**ASSIGNMENT**
Without including any pictures, copy every line below exactly.

**DATA BLOCK**
=== Begin Enclosure ===
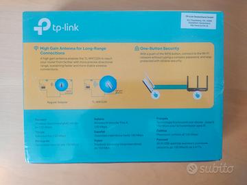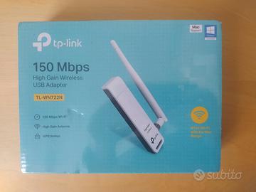 Vendo per mancato utilizzo TP-LINK TL-WN722N Adattatore USB Wireless Alto Guadagno TL-WN722N Scheda Wireless N150 USB Eccellente velocità wireless N fino a 150 Mbps, ideale per streaming video o chiamate via Internet Facile configurazione della sicurezza wireless premendo semplicemente il tasto QSS Antenna da 4dBi removibile, aumenta notevolmente la potenza del segnale Compatibile con Windows 11*/10/8.1/8/7/XP, Mac OS X, Linux Velocità di trasmissione wireless 150Mbps e per streaming video, online gaming e chiamate via Internet Antenna esterna ad alto guadagno, offre migliori prestazioni rispetto a quelle tradizionali interne Facile configurazione della sicurezza wireless premendo semplicemente il tasto QSS Supporta WEP 64/128, WPA /WPA2/WPA-PSK/WPA2-PSK(TKIP/AES), IEEE 802.1X Antenna removibile che consente una migliore orientabilità e l'upgrade con un antenna più potente L'utility in dotazione permette un installazione facile e veloce Perfettamente compatibile con i prodotti 802.11b/g/n Supporto modalità ad-hoc ed infrastructur. NUOVA NON APERTO NELLA SUA CONFEZIONE ORIGINALE CON CELLOFANE
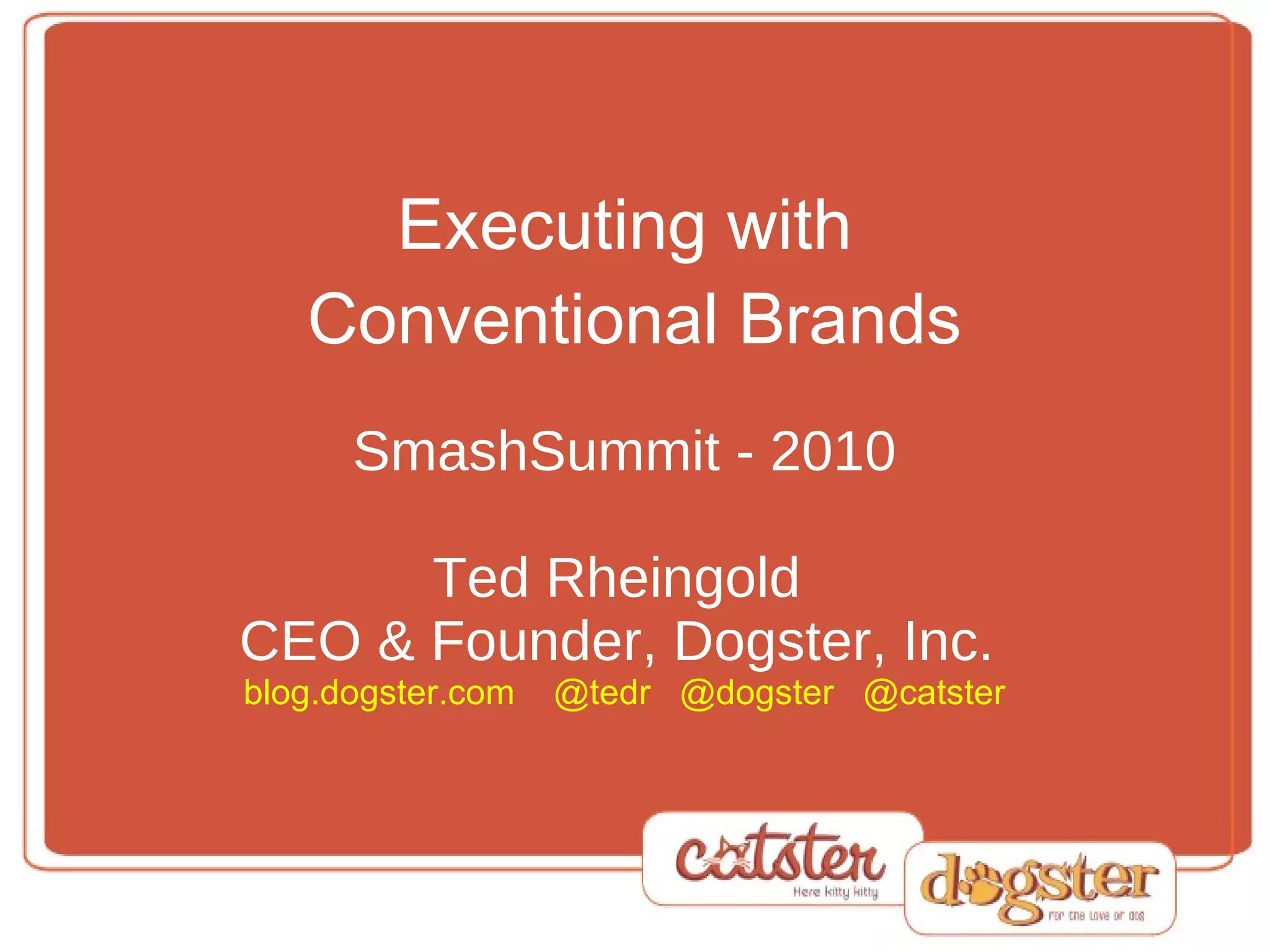 Ted Rheingold, CEO and founder of Dogster, Inc., gave a presentation at SmashSummit in 2010 about executing with conventional brands. The presentation discussed building a better product or service, providing excellent customer service, envisioning the brand relationship, working with large established brands like General Motors, dealing with consensus processes within brands, focusing on legacy over short term gains, and speaking plainly to brands about opportunities. The presentation also included a section on brands Dogster has worked with.
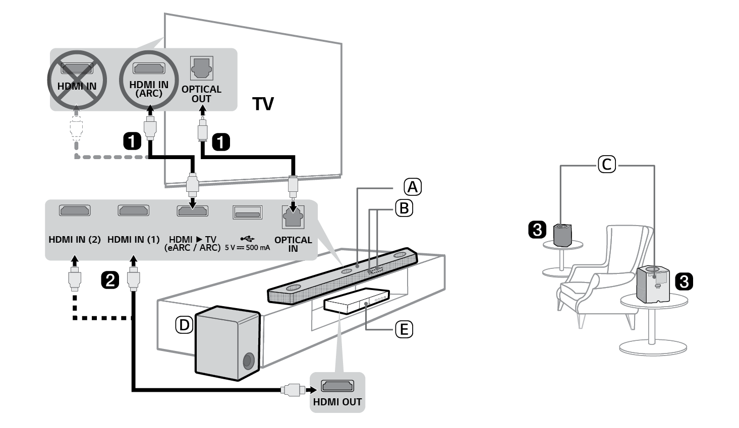 - D Trådløs Subwoofer - Installer den tæt på lydbjælken.
=== End Enclosure ===
**SOLUTION TO THE EXERCISE**
 Vendo per mancato utilizzo TP-LINK TL-WN722N Adattatore USB Wireless Alto Guadagno TL-WN722N Scheda Wireless N150 USB Eccellente velocità wireless N fino a 150 Mbps, ideale per streaming video o chiamate via Internet Facile configurazione della sicurezza wireless premendo semplicemente il tasto QSS Antenna da 4dBi removibile, aumenta notevolmente la potenza del segnale Compatibile con Windows 11*/10/8.1/8/7/XP, Mac OS X, Linux Velocità di trasmissione wireless 150Mbps e per streaming video, online gaming e chiamate via Internet Antenna esterna ad alto guadagno, offre migliori prestazioni rispetto a quelle tradizionali interne Facile configurazione della sicurezza wireless premendo semplicemente il tasto QSS Supporta WEP 64/128, WPA /WPA2/WPA-PSK/WPA2-PSK(TKIP/AES), IEEE 802.1X Antenna removibile che consente una migliore orientabilità e l'upgrade con un antenna più potente L'utility in dotazione permette un installazione facile e veloce Perfettamente compatibile con i prodotti 802.11b/g/n Supporto modalità ad-hoc ed infrastructur. NUOVA NON APERTO NELLA SUA CONFEZIONE ORIGINALE CON CELLOFANE
 Ted Rheingold, CEO and founder of Dogster, Inc., gave a presentation at SmashSummit in 2010 about executing with conventional brands. The presentation discussed building a better product or service, providing excellent customer service, envisioning the brand relationship, working with large established brands like General Motors, dealing with consensus processes within brands, focusing on legacy over short term gains, and speaking plainly to brands about opportunities. The presentation also included a section on brands Dogster has worked with.
 - D Trådløs Subwoofer - Installer den tæt på lydbjælken.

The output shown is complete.